Recovery has been my personal Mt. Everest.  I never reach the summit (which is OK...) it is a process of reaching for more - maybe in that way Everest isn't the perfect analogy but I like it...

If you were assigned the job of climbing Mt. Everest what would you do?

Most people would come up with an overall plan first, it would include things like this:

"I'd hire a guide."

"I'd get the right equipment."

"I'd educate myself about the challenge."

"I'd read other climbers' accounts."

"I'd get super fit."

"I'd hire a trainer."

And there are probably a thousand more.  The point is that faced with a BIG challenge like Everest, most people instictively know that they'd have to come up with a good plan and stick to it.

I was the same - I knew I was in a serious predicament and I knew I'd need some help.  I find it interesting that in most cases people have a better idea of what they'd do to climb Mt.

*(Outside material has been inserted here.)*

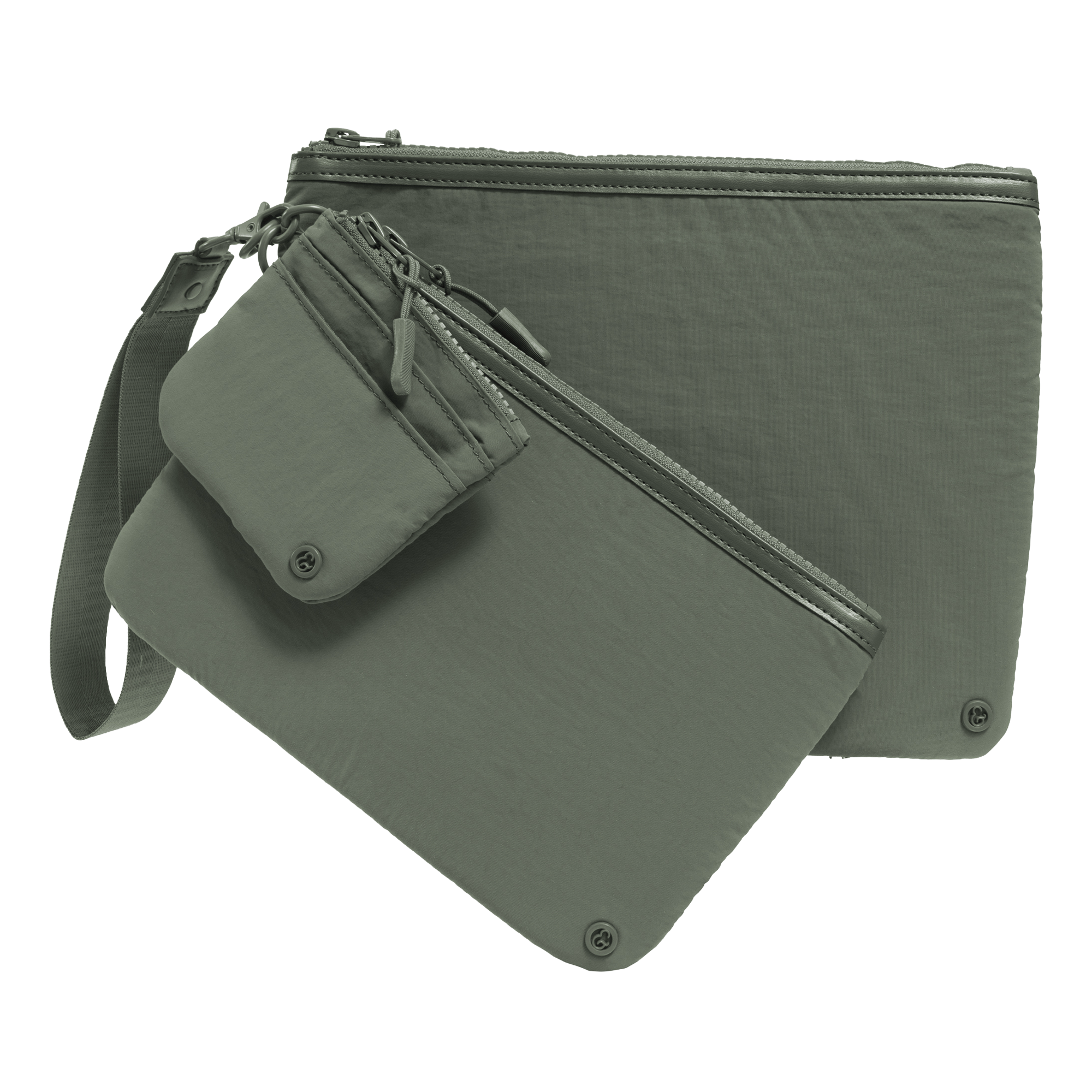 Store your cards and ID in the card case, and use the two zip pouches to organize tech accessories, cash, or other daily essentials—slipping smaller items into the interior mesh pockets for added organization. Attach your keys to the wristlet lanyard, customize by adding or removing pouches as needed, and carry it hands-free for easy, grab-and-go convenience wherever you’re headed.

Everest than they do for how to lose 10lbs.  When the chips are down we humans know how to survive - or at least we make a pretty solid effort at survival.

I can only chalk it up to the fact that in my situation recovery was of primary importance.  Nothing else mattered.  To continue the analogy - with Everest your life is on the line - planning and execution become CRITICAL because the consequences are immediate.  

In stark contrast - the lack of immediate consequences with weight and health is too bad really - I think a lot fewer people would become obese if the Grim Reaper took you to hell 3 days after you pop the button on your Levi's.

There might be another factor that comes into play...  With a challenge like Everest or recovering from a disastrous injury or accident, most assume (reasonably) that it is important to bring in experts and pay for their knowledge and abilities.  With a goal like "losing this spare tire", many will assume that they know how to accomplish the task on their own, when in reality they have no idea.  There may also be a hesitancy or embarrassment associated with seeking help for the task.  Combine all of these factors with a lack of immediate consequences and the "spare tire" stays right where it is - likely growing.

How can you apply the Everest climber's mindset if your goal isn't a matter of life or death, or even of primary importance?

Force yourself to use the same equipment that the climber uses.  Not his ice ax and crampons,  but his mental checklist and processes.  Tackle smaller goals with the same procedures you would adopt if your Everest expedition was departing next Monday.  Try to imagine that you might FREEZE TO DEATH, ALONE, ON THE SIDE OF A MOUNTAIN if you fail.  (In truth, you might actually die....  just not right away.)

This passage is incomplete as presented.